The Beatles:初心者にオススメ! 数ある名曲からロックソング中心に10曲厳選

ビートルズをあまり知らない人は、ビートルズがロックバンドだという認識がないかもしれません。しかしビートルズはロック界に影響を与えたロックバンドなのです。ビートルズの曲は数百曲にも及びます。その中から代表的で聴きやすいロックソングだけをまとめました。みなさんがビートルズを聴くきっかけになれば嬉しいです。

「ビートルズってさ。『Yesterday』とか『Let It Be』とかゆったり系の音楽多いからつまんないよね」
「ビートルズってロックバンドらしいよ。全然ロック感がないよね」

このようなことを言う若手バンドマンがいるとしたら、ビートルズのビの字も知らないようなものです。
ビートルズは正真正銘のロックバンドです。しかも超ロックです。

「ビートルズはバラードしか歌わない」なんてことはありません。なぜならビートルズのルーツとなっている音楽はロックンロールだからです。

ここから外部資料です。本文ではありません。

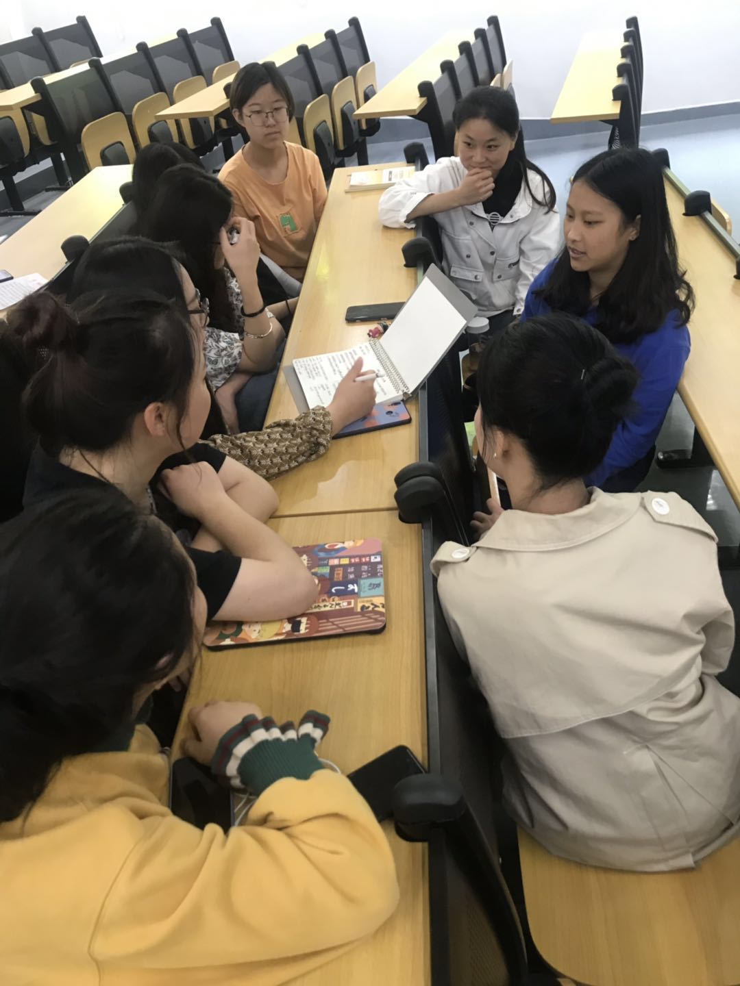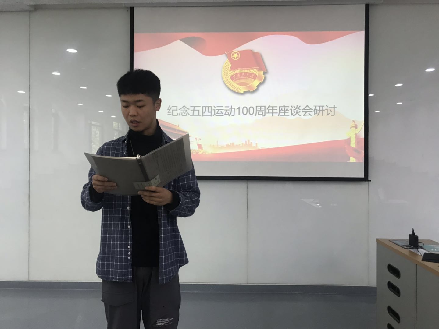 到场的团员青年在认真收听收看本次习近平总书记的讲话后进行小组研讨,集中讨论自己的收获和感悟。牢记历史,纪念五四运动,学习并传承发扬五四精神。
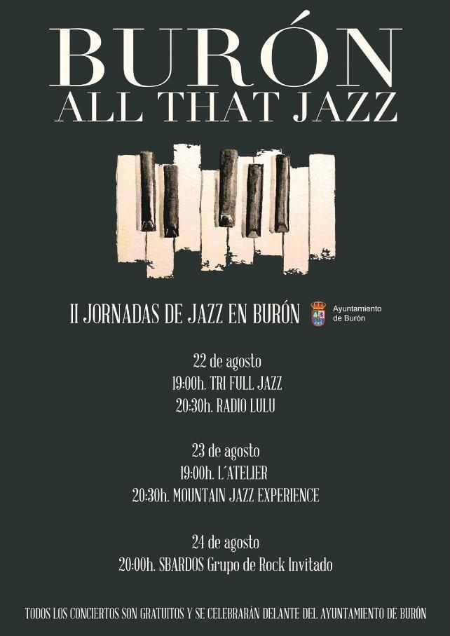 La localidad de Burón, a pocos kilómetros de Riaño, vuelve a apostar por el jazz con las II Jornadas All That Jazz. Los conciertos, que comienzan todos los días a las 19.00 se celebrarán delante del ayuntamiento de Burón y son totalmente gratuitos.
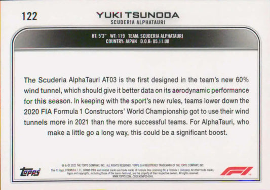 2022 Topps Formula 1 #122 Yuki Tsunoda NM-MT Racing Card

今回はビートルズにロックを感じていない方に、「ビートルズ最強ロックソング」を紹介します。

最強のロックソングを10曲厳選

10曲選ぶだけですが、これはビートルズ好きからすると丸1日かかるほど難しいことです。
ここではビートルズのロックソングの中でも、聴きやすく好きになってくれそうな曲だけを厳選しています。

1、I Saw Her Standing There

ビートルズのファーストアルバムの最初に収録されている曲が「I Saw Her Standing There」です。
アルバムを流したと同時に響き渡るジョン・レノンの「1、2、3、4!」には、心が震え、鳥肌さえ起こさせるほどの衝撃があります。そして始まるロックンロールソング。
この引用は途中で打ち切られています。